→ Excerpted data:
<<<<
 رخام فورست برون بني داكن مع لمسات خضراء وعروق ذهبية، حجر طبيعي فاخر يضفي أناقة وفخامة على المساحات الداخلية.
>>>>
<<<<
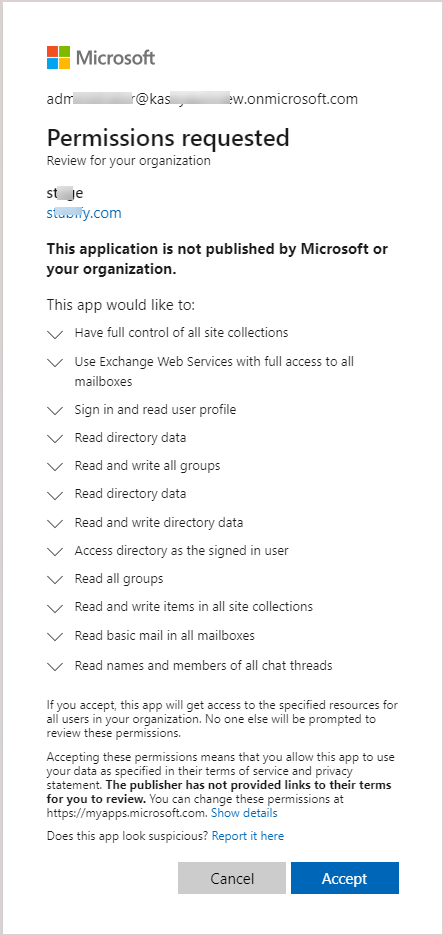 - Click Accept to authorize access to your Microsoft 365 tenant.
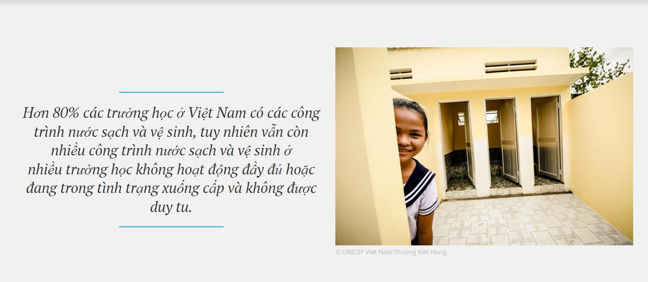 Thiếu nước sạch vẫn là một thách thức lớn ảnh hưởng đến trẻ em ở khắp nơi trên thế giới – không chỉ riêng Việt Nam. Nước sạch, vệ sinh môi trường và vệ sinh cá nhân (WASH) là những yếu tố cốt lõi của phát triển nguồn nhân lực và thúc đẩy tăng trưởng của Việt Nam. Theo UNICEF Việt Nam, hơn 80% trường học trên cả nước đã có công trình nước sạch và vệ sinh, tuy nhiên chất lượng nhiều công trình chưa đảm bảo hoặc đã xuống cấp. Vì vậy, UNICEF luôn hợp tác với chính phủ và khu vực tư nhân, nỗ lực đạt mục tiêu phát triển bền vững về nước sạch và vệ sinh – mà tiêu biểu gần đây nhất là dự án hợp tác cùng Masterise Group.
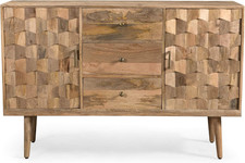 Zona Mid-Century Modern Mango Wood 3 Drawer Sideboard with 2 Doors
>>>>
<<<<
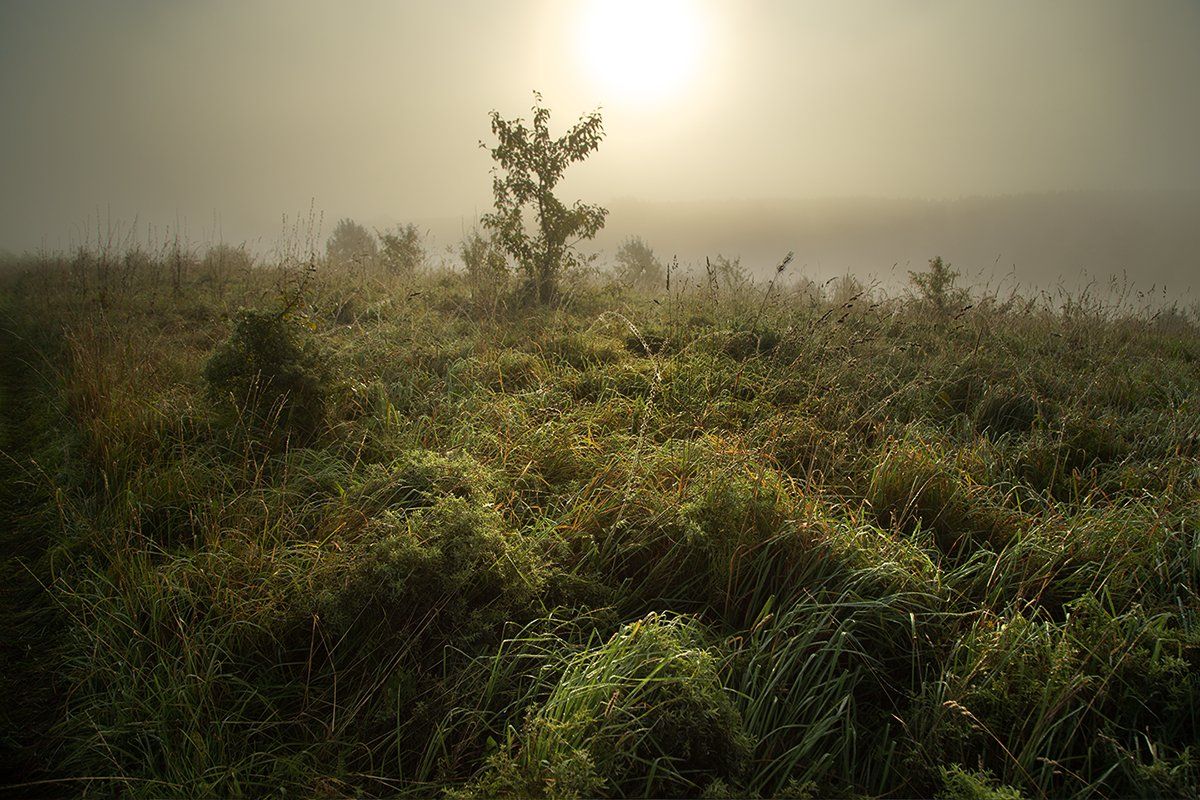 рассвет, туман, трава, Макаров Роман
>>>>
Only the lines starting at the one that includes "Thiếu nước sạch" and ending at the one that includes "Zona Mid-Century Modern" should be retyped, exactly, from the records above; no pictures.

→ Response box:
 Thiếu nước sạch vẫn là một thách thức lớn ảnh hưởng đến trẻ em ở khắp nơi trên thế giới – không chỉ riêng Việt Nam. Nước sạch, vệ sinh môi trường và vệ sinh cá nhân (WASH) là những yếu tố cốt lõi của phát triển nguồn nhân lực và thúc đẩy tăng trưởng của Việt Nam. Theo UNICEF Việt Nam, hơn 80% trường học trên cả nước đã có công trình nước sạch và vệ sinh, tuy nhiên chất lượng nhiều công trình chưa đảm bảo hoặc đã xuống cấp. Vì vậy, UNICEF luôn hợp tác với chính phủ và khu vực tư nhân, nỗ lực đạt mục tiêu phát triển bền vững về nước sạch và vệ sinh – mà tiêu biểu gần đây nhất là dự án hợp tác cùng Masterise Group.
 Zona Mid-Century Modern Mango Wood 3 Drawer Sideboard with 2 Doors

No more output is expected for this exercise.